Here are some of the requirements you should meet for a self-employed work visa:
- Fill in the national visa application form. Upon completing it, do not forget to sign.
- Photograph. A recent passport-size color photograph taken against a light background.
- Valid passport. The original and a photocopy of the passport page or pages containing biometric data. The passport must be valid for at least four months and have two blank pages.
- Criminal record check certificate. Applicants of legal age must submit both the original and a copy of their country or countries of residence’s criminal record check certificate(s) for the previous 5 years.
- Medical certificate. Original and a copy of a medical certificate certifying that the applicant is free of any disease that could have serious health consequences for public health, as defined by the 2005 International Health Regulations.
- Proof of residence in the consular district. A student must submit proof that they are attending classes, in person, in the consular district, or that they are a legal resident of the consular district.
- Proof of the representative’s identity and capacity. In case of foreign documents, you should legalize or apostille and, if applicable, translate them into Spanish.
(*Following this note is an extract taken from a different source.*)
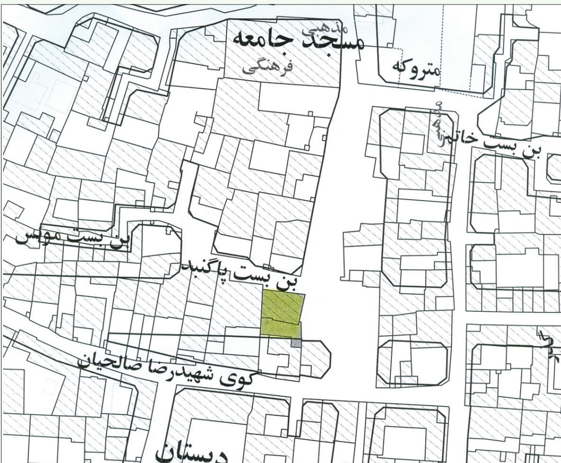
شهرداری منطقه سیزده اصفهان

- Payment of the visa fee. The visa fee is 80 euros. However, the price might change for some nationalities, and you can consult the Consular Office to get a more precise answer.
EU Blue Card
People who spent at least 3 years completing a higher education qualification can apply for an EU Blue Card, which allows them to work as skilled professionals. Professionals with a minimum of five years of high-level experience are also eligible. An employer submits your application on your behalf once you receive a job offer. For you to get the EU Blue Card, your work contract should include a salary that is at least 50% more than the average wage in Spain or at least 20% more if your job position and skills are in demand. After you get the card, you need to apply for a visa at the Spanish embassy. You can renew the blue card as long as you meet the conditions.
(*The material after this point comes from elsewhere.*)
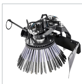
■ Brosse de désherbage
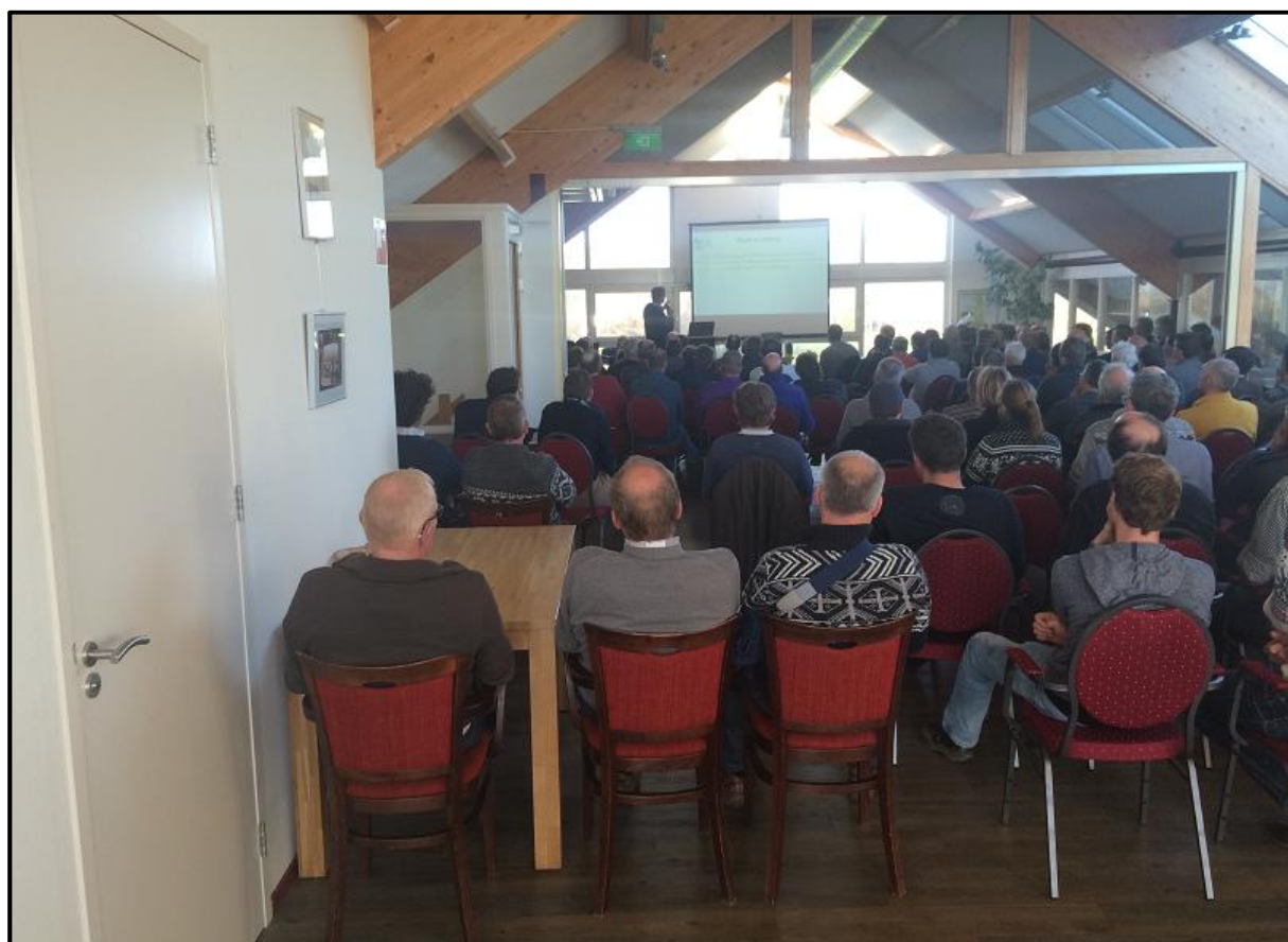
De jaarvergadering in Shortgolf in Swifterbant was weer goed bezocht met 138 aanwezigen.

With this type of visa, you can start a business and get a Spanish residency. Entrepreneur visa requires strictly followed steps since the government is much more selective regarding Entrepreneur Visa applications. They only accept projects with strong growth potential, which are innovative, and include a significant technological component. To renew this permit, you must demonstrate that the business is performing as planned in the business plan for the next three years.
Finding a Job in Spain Tips
There are a lot of informal routes to find jobs in Spain, such as word-of-mouth, networking, and speculative applications. Especially the last one, in which you can submit your job application regardless of advertised vacancies. However, there are many other ways that lead to job opportunities; you just need to be proactive, seek opportunities, and network. Sectors where you’re most likely to find opportunities include the services sector, IT, engineering, finance, and healthcare.
Here are some tips on how to find jobs in Spain:
- Look up job websites in Spain. You can find jobs in Spain on various job websites, including specialized websites for different professions.
- Networking in Spain. Try to create a healthy network with people, as many jobs aren’t advertised openly in Spain. Word of mouth or personal contacts are two of the best ways to find employment.
- Check recruitment agencies and job opportunities published in newspapers. Is it always a good idea to search for agencies on Sistema Nacional de Empleo.
- Always count on teaching jobs in Spain. You can find lots of opportunities for teaching English in Spain. Because there is such a high demand for English teachers in Spain, jobs are plentiful, whether in a small town in Andalucia or a large city like Madrid. However, remember that holding a TEFL qualification will always bring you better job opportunities.